Surfaces and interfaces are critical zones where major physical, chemical, and biological exchanges occur. As the ocean covers 362 million km^{2}, about 71% of the Earth's surface, the ocean-atmosphere interface is plausibly one of the largest and most important interfaces on the planet. Every substance entering or leaving the ocean from or to the atmosphere passes through this interface, which on the water-side -and to a lesser extent on the air-side- shows distinct physical, chemical, and biological properties. On the water side the uppermost 1 to 1000 μm of this interface are referred to as the sea surface microlayer (SML). Like a skin, the SML is expected to control the rates of exchange of energy and matter between air and sea, thereby potentially exerting both short-term and long-term impacts on various Earth system processes, including biogeochemical cycling, production and uptake of radiately active gases like or DMS, thus ultimately climate regulation. As of 2017, processes occurring within the SML, as well as the associated rates of material exchange through the SML, remained poorly understood and were rarely represented in marine and atmospheric numerical models.

An improved understanding of the biological, chemical, and physical processes at the ocean's upper surface could provide an essential contribution to the reduction of uncertainties regarding ocean-climate feedbacks. Due to its positioning between atmosphere and ocean, the SML is the first to be exposed to climate changes including temperature, climate relevant trace gases, wind speed, and precipitation as well as to pollution by human waste, including nutrients, toxins, nanomaterials, and plastic debris.

==Bacterioneuston==

The term neuston describes the organisms in the SML and was first suggested by Naumann in 1917. As in other marine ecosystems, bacterioneuston communities have important roles in SML functioning. Bacterioneuston community composition of the SML has been analysed and compared to the underlying water in different habitats with varying results, and has primarily focused on coastal waters and shelf seas, with limited study of the open ocean . In the North Sea, a distinct bacterial community was found in the SML with Vibrio spp. and Pseudoalteromonas spp. dominating the bacterioneuston. During an artificially induced phytoplankton bloom in a fjord mesocosm experiment, the most dominant denaturing gradient gel electrophoresis (DGGE) bands of the bacterioneuston consisted of two bacterial families: Flavobacteriaceae and Alteromonadaceae. Other studies have however, found little or no differences in the bacterial community composition of the SML and the ULW. Difficulties in direct comparisons between studies can arise because of the different methods used to sample the SML, which result in varied sampling depths.

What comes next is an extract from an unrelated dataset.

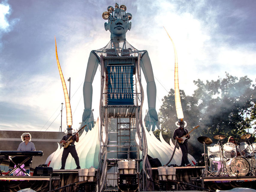 Squonk’s music incorporates the swoops and eddies of air with electronic bagpipes and a vertical accordion that is Lady Pneumatica’s lungs, played like a piano while it rises and falls with her breath. Playing with visual puns, air activates costumes. Squonkers inflate like blowfish and musically activate headtubes with wild guitar and bass riffs.

Even less is known about the community control mechanisms in the SML and how the bacterial community assembles at the air-sea interface. The bacterioneuston community could be altered by differing wind conditions and radiation levels, with high wind speeds inhibiting the formation of a distinct bacterioneuston community. Wind speed and radiation levels refer to external controls, however, bacterioneuston community composition might also be influenced by internal factors such as nutrient availability and organic matter (OM) produced either in the SML or in the ULW.

One of the principal OM components consistently enriched in the SML are transparent exopolymer particles (TEP), which are rich in carbohydrates and form by the aggregation of dissolved precursors excreted by phytoplankton in the euphotic zone. Higher TEP formation rates in the SML, facilitated through wind shear and dilation of the surface water, have been proposed as one explanation for the observed enrichment in TEP. Also, due to their natural positive buoyancy, when not ballasted by other particles sticking to them, TEP ascend through the water column and ultimately end up at the SML . A second possible pathway of TEP from the water column to the SML is by bubble scavenging.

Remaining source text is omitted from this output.